-------- Extracted information --------

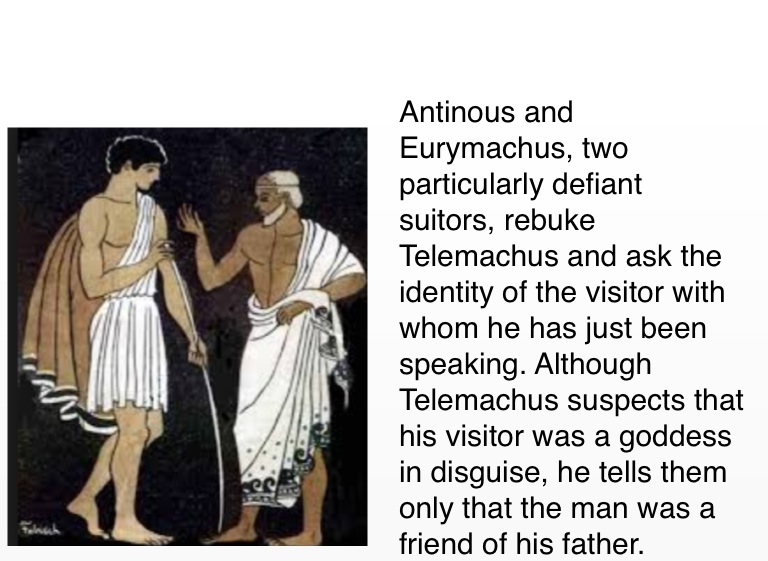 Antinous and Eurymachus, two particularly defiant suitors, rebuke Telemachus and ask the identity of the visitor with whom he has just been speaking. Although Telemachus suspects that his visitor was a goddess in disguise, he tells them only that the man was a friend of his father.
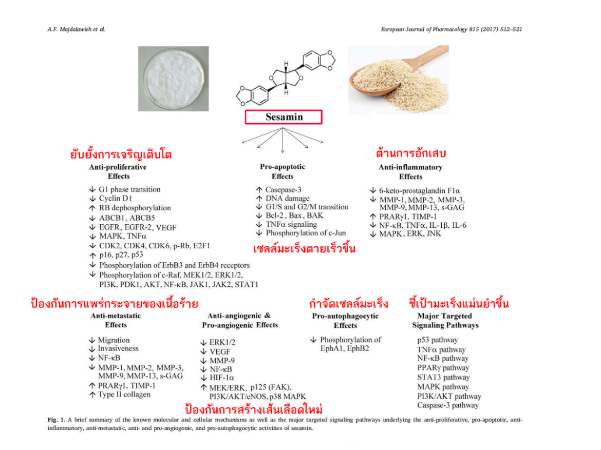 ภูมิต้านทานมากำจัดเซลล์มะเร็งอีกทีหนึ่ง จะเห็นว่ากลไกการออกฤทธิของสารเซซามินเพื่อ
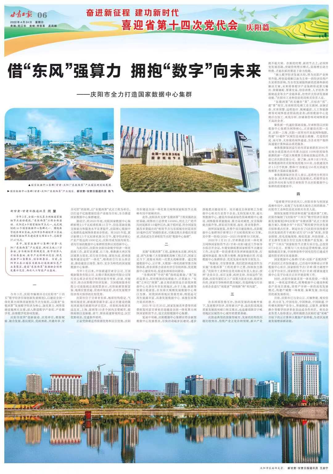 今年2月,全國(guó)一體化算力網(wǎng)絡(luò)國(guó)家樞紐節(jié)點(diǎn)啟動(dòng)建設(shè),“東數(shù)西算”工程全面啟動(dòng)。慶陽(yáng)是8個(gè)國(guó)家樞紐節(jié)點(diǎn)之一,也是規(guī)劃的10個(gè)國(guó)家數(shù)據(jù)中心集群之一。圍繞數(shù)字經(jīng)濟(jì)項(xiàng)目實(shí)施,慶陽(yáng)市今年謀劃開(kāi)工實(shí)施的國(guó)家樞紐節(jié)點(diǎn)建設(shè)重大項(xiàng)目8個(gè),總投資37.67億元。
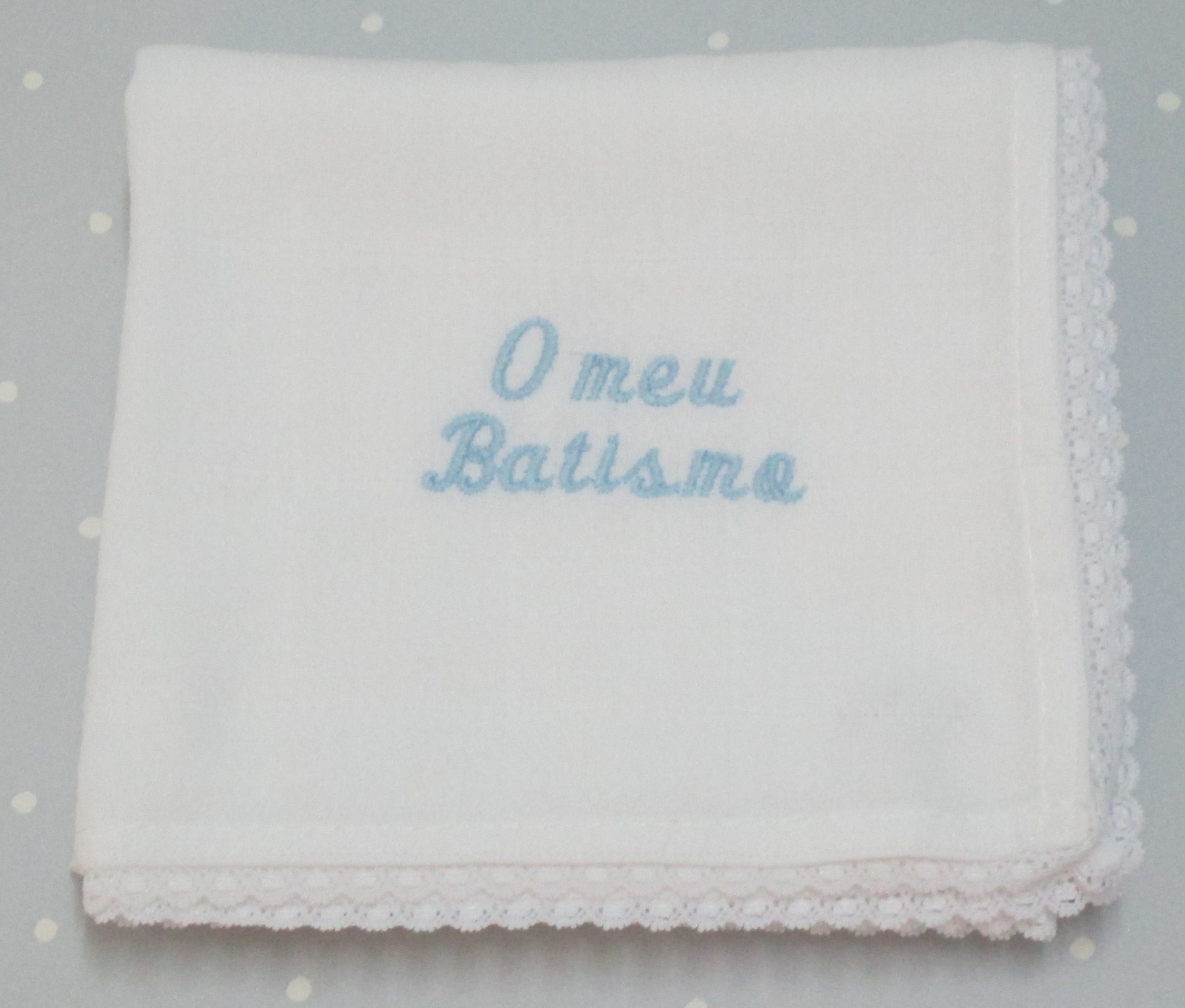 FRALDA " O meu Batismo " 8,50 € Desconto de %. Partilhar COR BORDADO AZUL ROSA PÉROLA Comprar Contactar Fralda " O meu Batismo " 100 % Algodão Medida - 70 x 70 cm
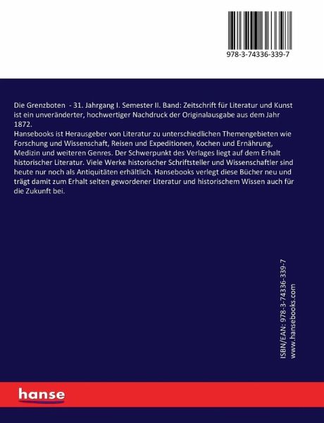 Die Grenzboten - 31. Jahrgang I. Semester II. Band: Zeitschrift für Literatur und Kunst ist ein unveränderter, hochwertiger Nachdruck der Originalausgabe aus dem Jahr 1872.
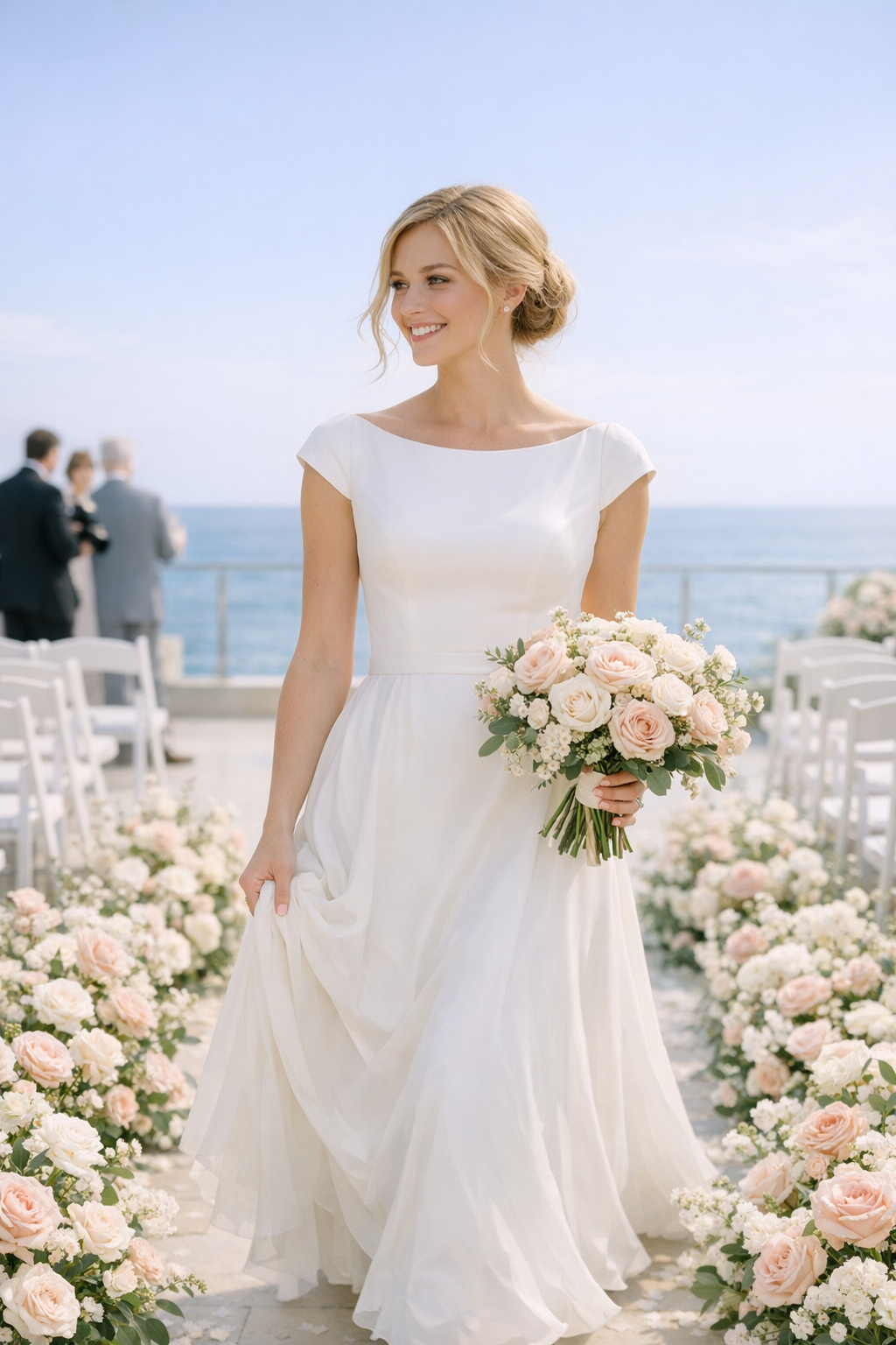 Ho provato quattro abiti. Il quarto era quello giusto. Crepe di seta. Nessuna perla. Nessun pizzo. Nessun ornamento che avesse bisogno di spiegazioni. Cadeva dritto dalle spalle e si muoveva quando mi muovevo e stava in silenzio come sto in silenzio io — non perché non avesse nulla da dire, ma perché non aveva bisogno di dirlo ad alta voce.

--------

■ **Problem to work on**
From the first record to the last, transcribe everything exactly but drop the pictures.

■ **Answer space**
 Antinous and Eurymachus, two particularly defiant suitors, rebuke Telemachus and ask the identity of the visitor with whom he has just been speaking. Although Telemachus suspects that his visitor was a goddess in disguise, he tells them only that the man was a friend of his father.
 ภูมิต้านทานมากำจัดเซลล์มะเร็งอีกทีหนึ่ง จะเห็นว่ากลไกการออกฤทธิของสารเซซามินเพื่อ
 今年2月,全國(guó)一體化算力網(wǎng)絡(luò)國(guó)家樞紐節(jié)點(diǎn)啟動(dòng)建設(shè),“東數(shù)西算”工程全面啟動(dòng)。慶陽(yáng)是8個(gè)國(guó)家樞紐節(jié)點(diǎn)之一,也是規(guī)劃的10個(gè)國(guó)家數(shù)據(jù)中心集群之一。圍繞數(shù)字經(jīng)濟(jì)項(xiàng)目實(shí)施,慶陽(yáng)市今年謀劃開(kāi)工實(shí)施的國(guó)家樞紐節(jié)點(diǎn)建設(shè)重大項(xiàng)目8個(gè),總投資37.67億元。
 FRALDA " O meu Batismo " 8,50 € Desconto de %. Partilhar COR BORDADO AZUL ROSA PÉROLA Comprar Contactar Fralda " O meu Batismo " 100 % Algodão Medida - 70 x 70 cm
 Die Grenzboten - 31. Jahrgang I. Semester II. Band: Zeitschrift für Literatur und Kunst ist ein unveränderter, hochwertiger Nachdruck der Originalausgabe aus dem Jahr 1872.
 Ho provato quattro abiti. Il quarto era quello giusto. Crepe di seta. Nessuna perla. Nessun pizzo. Nessun ornamento che avesse bisogno di spiegazioni. Cadeva dritto dalle spalle e si muoveva quando mi muovevo e stava in silenzio come sto in silenzio io — non perché non avesse nulla da dire, ma perché non aveva bisogno di dirlo ad alta voce.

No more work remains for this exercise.